Запускается двигатель. Они стоят на верхней палубе, глядя, как развиваются волосы Шейлы Клотч на раскачивающемся корабле.

— Блондинка до мозга костей, — говорит Эллис. — Так бы и съел ее ребенка целиком, чтобы узнать, каково на вкус то место, откуда он вылез.

Прошел слух, что полиция разыскивает мужчину, который завел ребенка в кабинку туалета, и возле «Пиратской шхуны» начались разговоры о преступлении и наказании.

— Эй, Парте! — кричит здоровяк новенькому. — Ты бы в каком штате хотел, чтобы тебя приговорили к смертной казни?

Джефф Парк не знает.

— Дэлавер. В Делавэре ты можешь сам выбрать, каким способом тебя прикончат, а значит, можешь выбрать повешение.

— И что?

— Вот что. Если не получится с первого раза — останешься парализованным или еще что, — но им придется тебя отпустить. Так написано в Билле о правах. Что-то мне не приходилось слышать, чтобы такое случалось после смертельной инъекции, а вот на виселице у тебя есть шанс. Останешься не в лучшей форме, но шанс есть.

Горожанам уже больше не на что смотреть в этом городе. Здесь есть чудный пятиэтажный небоскреб, но под ним открылся провал. Здесь одно время тренировалась бейсбольная команда из высшей лиги, но уже много лет как игроки переехали в Санта-Фе, где посуше. Все, на что осталось любоваться, — цитрусовые сады и зеленая пустыня моря.

Как голодны до всего сегодняшние посетители ярмарки! Все занимает их. Эллис забирается на самый верх арматуры «Шхуны» поменять лампочку, опершись на верхушку балочной конструкции на высоте шестьдесят футов, его кроссовка чуть не соскальзывает с болтов, на которых он стоит, и толпа в один голос кричит: «Осторожнее!»

Когда один паренек замечает татуировки Леона — пара кривых пятерок и смазанная свастика, где татуировщик наконец правильно нашел угол, — «Шхуна» на время обретает популярность среди подростков, восторгающихся видом страшных наколок здоровяка.

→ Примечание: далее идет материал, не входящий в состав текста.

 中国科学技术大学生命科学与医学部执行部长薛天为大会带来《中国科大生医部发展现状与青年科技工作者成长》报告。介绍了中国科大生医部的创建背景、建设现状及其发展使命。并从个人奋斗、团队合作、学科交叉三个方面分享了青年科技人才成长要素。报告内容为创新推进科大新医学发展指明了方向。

Посетителям и киоскерам нравится глазеть на Гэри — он заправляет «Зиппером», аттракционом, который имеет форму овала, как цепь бензопилы, только вместо зубьев — вращающиеся автомобильчики. Запустив двигатель, Гэри становится под самую карусель и, увиливая от машин, собирает мелочь и сигареты, которые так и сыплются из них. Машина уже в опасной близости от него, но Гэри знает интервал и чувствует напор воздуха, когда машина близко. Он двигается со странной грацией, что-то восточное есть в том, как он наклоняется и выпрямляется, словно на ветру, будто в призрачном сне. Леон не сомневался, что, не будь Гэри умственно отсталым, он срубил бы немало денег на сцене в Вегасе, но он здесь, звезда и любимец работников ярмарки.

Дождь. Толпа набивается под узкие навесы над будками и постепенно расходится. Джефф Парк перекатывает монетку по пальцам. Эллис в восторге от трюка и просит Джеффа научить его.

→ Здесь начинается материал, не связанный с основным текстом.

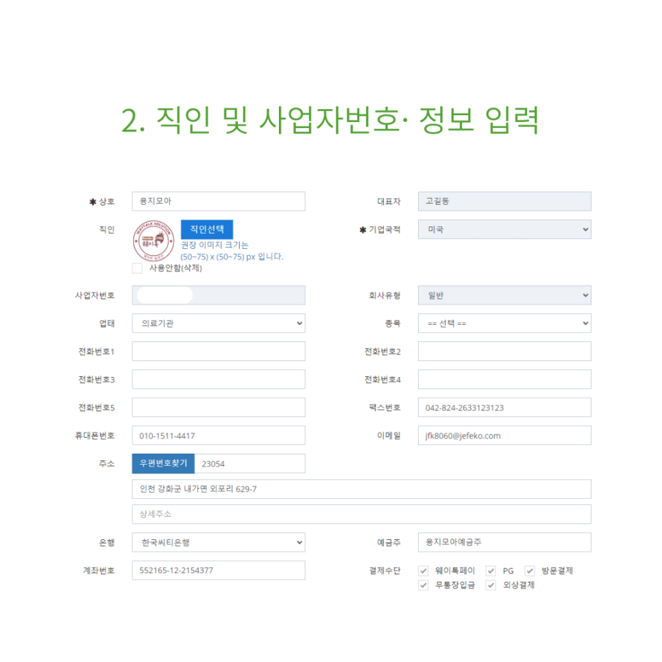 3. 상호·직인 등록 및 사업자 정보를 입력하세요.

Здоровяку не нравится, с каким воодушевлением Эллис принимает новичка. Леон знает, что не за горами дни, когда он станет слишком стар для работы с тяжелым железом, которая случается каждые две недели, когда аттракцион переезжает на новое место. Его лидерство под угрозой, а союз двух молодых людей сулит бунт.

— Хочешь, я покажу фокус? — спрашивает Леон у Джеффа Парка.

— Да, давай.

Леон достает сигарету изо рта и стряхивает длинный столбик пепла ему на плечо.

— Раз — и ты пепельница.

Женщина у ворот «Шхуны» стоит и смотрит в пустоту.

— Вперед, леди, — приветствует ее Эллис. — Давайте сделаем из вас пирата!

Лицо женщины похоже на очищенное яблоко — такое же бледное и безжизненное.

— Что это за аттракцион? — спрашивает она Джеффа Парка, который только теперь понимает, что она слепая.

— Это лодка. Садишься в нее, и она раскачивается.

— Она переворачивается вниз головой?

— Нет, но раскачивается быстро.

— Но не переворачивается?

— Нет.

— Хорошо, тогда я хочу попробовать.

Она сжимает руку Джеффа и они, прижавшись друг к другу, словно любовники, поднимаются на платформу. При каждом шаге ее нога застывает в воздухе в ожидании какого-то предательства внизу, на земле. Джефф берет ее за рыхлую талию и усаживает на скамейку.

Поездка начинается, и Джефф внимательно следит за слепой, готовый дать команду «стоп», если женщина начнет паниковать, но она спокойна. Мужчина рядом с ней истошно орет, когда лодка оказывается в невесомости на пике высоты. Но слепая улыбается, будто она только что вспомнила ответ на давно терзавший ее вопрос.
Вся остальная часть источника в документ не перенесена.